Central Texas & Colorado River Railway

Overview
- Headquarters: Brady, Texas
- Reporting mark: CTXR
- Locale: Texas
- Dates of operation: 2016–2019
- Predecessor: Gulf, Colorado and San Saba Railway

Technical
- Track gauge: 4 ft 8+1⁄2 in (1,435 mm)
- Length: 67.5 miles (108.6 km)

= Central Texas and Colorado River Railway =

Short-line railroad

The Central Texas & Colorado River Railway is a short-line railroad headquartered in Brady, Texas. Formerly known as the Heart of Texas Railroad, the railroad operates a portion of the former Santa Fe branch line to Eden, between Brady and an interchange with the BNSF Railway at Lometa. It acquired the line from the bankrupt Gulf, Colorado and San Saba Railway in 2013. The railroad is currently owned by OmniTrax. They bought the railroad in 2016.

== History ==
The Heart of Texas Railroad was organized in 2012 and acquired the 67.5 mi line from the bankrupt Gulf, Colorado and San Saba Railway in 2013. Operations began on January 29 of that year. On May 19, 2013, a 300 yd-long trestle carrying the tracks over the Colorado River about 10 mi west of Lometa burned and collapsed. The fire, of unknown origin, began on the western side of the trestle about 4 p.m.; by the time volunteer firefighters from Lometa arrived, the fire was uncontrollable. There were no injuries. At the time the potential loss to the company was estimated at $10 million. The company contracted with JCF Bridge & Concrete to replace the bridge, and the new span opened on May 16, 2014. The bridge cost $4 million.

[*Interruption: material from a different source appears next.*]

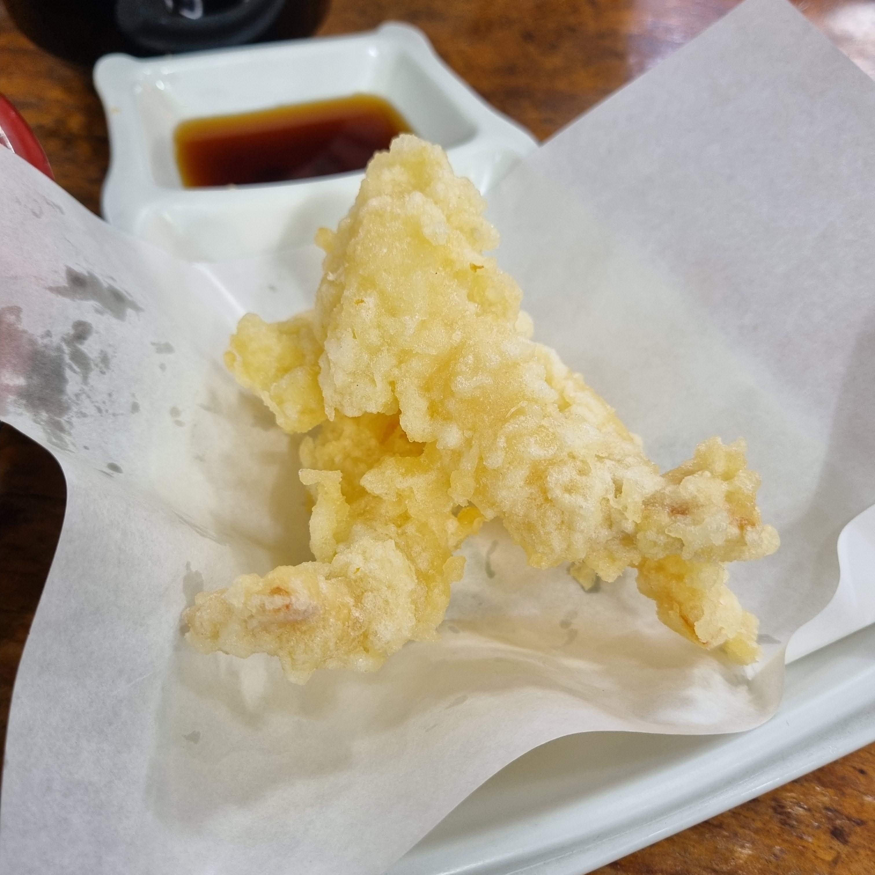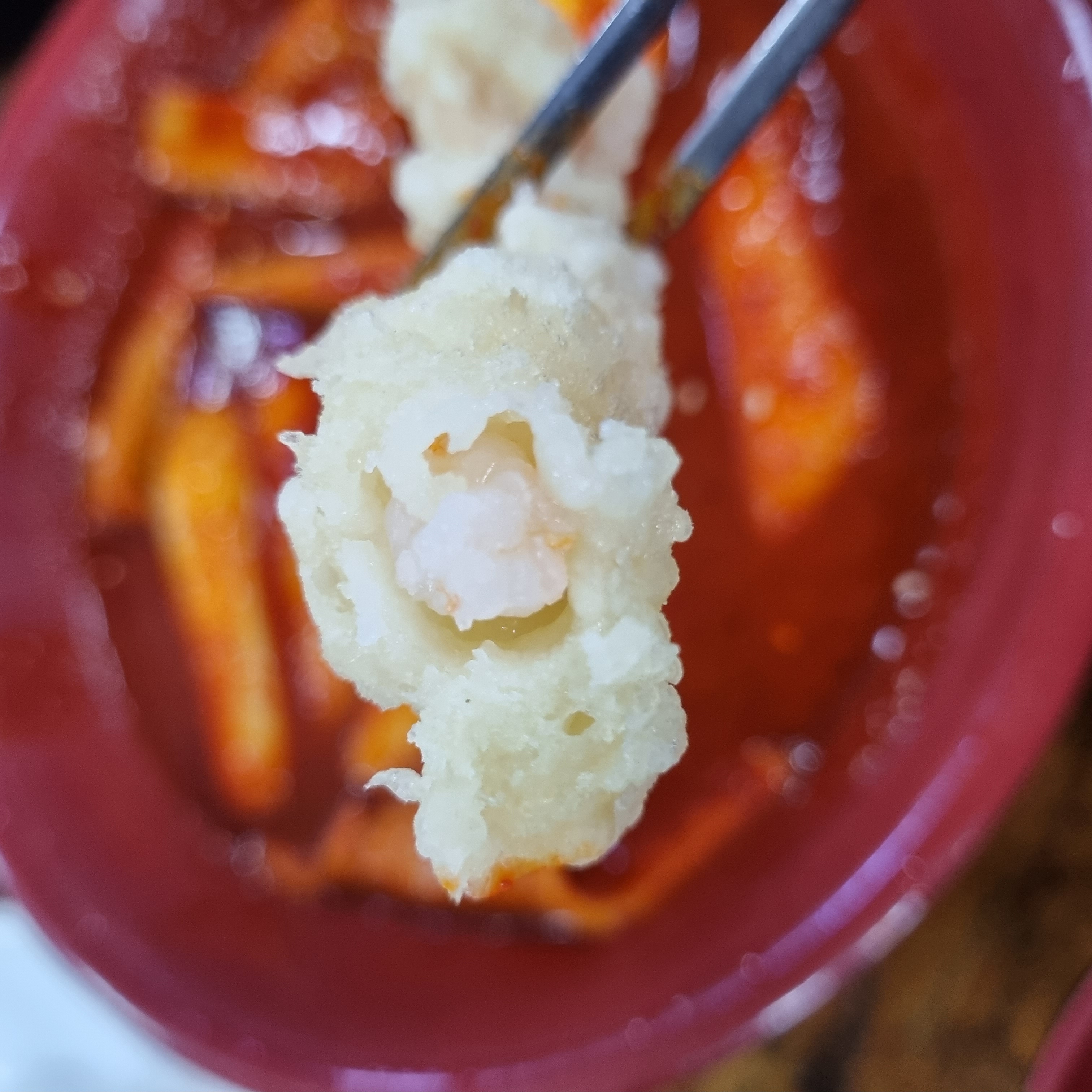 이건 주문서 메뉴에 따로 있었던 새우튀김이에요. 튀김옷이 정말 하얗고 안에 새우도 통통하니 가득 채워져 있어요. 떡볶이 소스에 찍어 먹으면 그야말로 환상의 맛이에요.

OmniTRAX announced its acquisition of the company in May 2016.

In August 2019 OmniTRAX filed with the Surface Transportation Board to abandon the line, "citing its dim prospects and millions of dollars in operating losses since it acquired the route in 2016," according to an article in Trains News Wire. The article added: "The prime culprits: New crushed rock traffic that never materialized as expected and rapidly declining shipments of frac sand." Due to bridge problems and unsafe track requiring $2.3 million in repairs on top of the $2 million it had already spent to improve the line after acquiring it just a few years ago, the line had been placed under embargo on July 25, 2019.

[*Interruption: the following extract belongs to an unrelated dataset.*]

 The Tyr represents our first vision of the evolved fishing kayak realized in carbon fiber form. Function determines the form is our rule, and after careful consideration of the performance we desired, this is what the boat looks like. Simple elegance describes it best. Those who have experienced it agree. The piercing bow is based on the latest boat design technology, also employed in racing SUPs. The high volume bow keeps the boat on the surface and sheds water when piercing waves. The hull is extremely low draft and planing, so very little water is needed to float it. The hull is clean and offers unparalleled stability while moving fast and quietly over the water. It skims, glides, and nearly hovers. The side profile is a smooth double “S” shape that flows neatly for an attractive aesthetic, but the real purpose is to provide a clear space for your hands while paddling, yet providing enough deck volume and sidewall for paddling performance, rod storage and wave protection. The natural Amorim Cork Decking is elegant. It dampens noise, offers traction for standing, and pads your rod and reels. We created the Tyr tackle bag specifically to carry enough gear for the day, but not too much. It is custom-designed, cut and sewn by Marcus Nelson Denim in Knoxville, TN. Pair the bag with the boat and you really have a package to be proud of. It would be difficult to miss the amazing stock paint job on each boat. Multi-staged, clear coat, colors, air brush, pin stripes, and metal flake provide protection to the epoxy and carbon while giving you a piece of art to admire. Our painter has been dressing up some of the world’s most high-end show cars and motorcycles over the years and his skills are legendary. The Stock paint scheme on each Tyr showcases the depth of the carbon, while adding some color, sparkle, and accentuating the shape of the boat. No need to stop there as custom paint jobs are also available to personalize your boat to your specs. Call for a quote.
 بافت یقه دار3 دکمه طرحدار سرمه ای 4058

According to TNW, "A proposed rock-crushing facility was expected to generate 8,000 to 10,000 loads annually. But the facility never opened as planned in 2017 and is unlikely to ever be developed." Additionally, "The railroad expected to haul just 553 carloads in total this year, down from 1,210 in 2018."

However, on April 1, 2026, it was announced that the rail line would reopen for unit-train transportation of aggregates from Texas Minerals' San Saba quarry.

== Operations ==
The CTXR interchanges with the BNSF Railway at Lometa. It primarily carries frac sand used in hydraulic fracturing.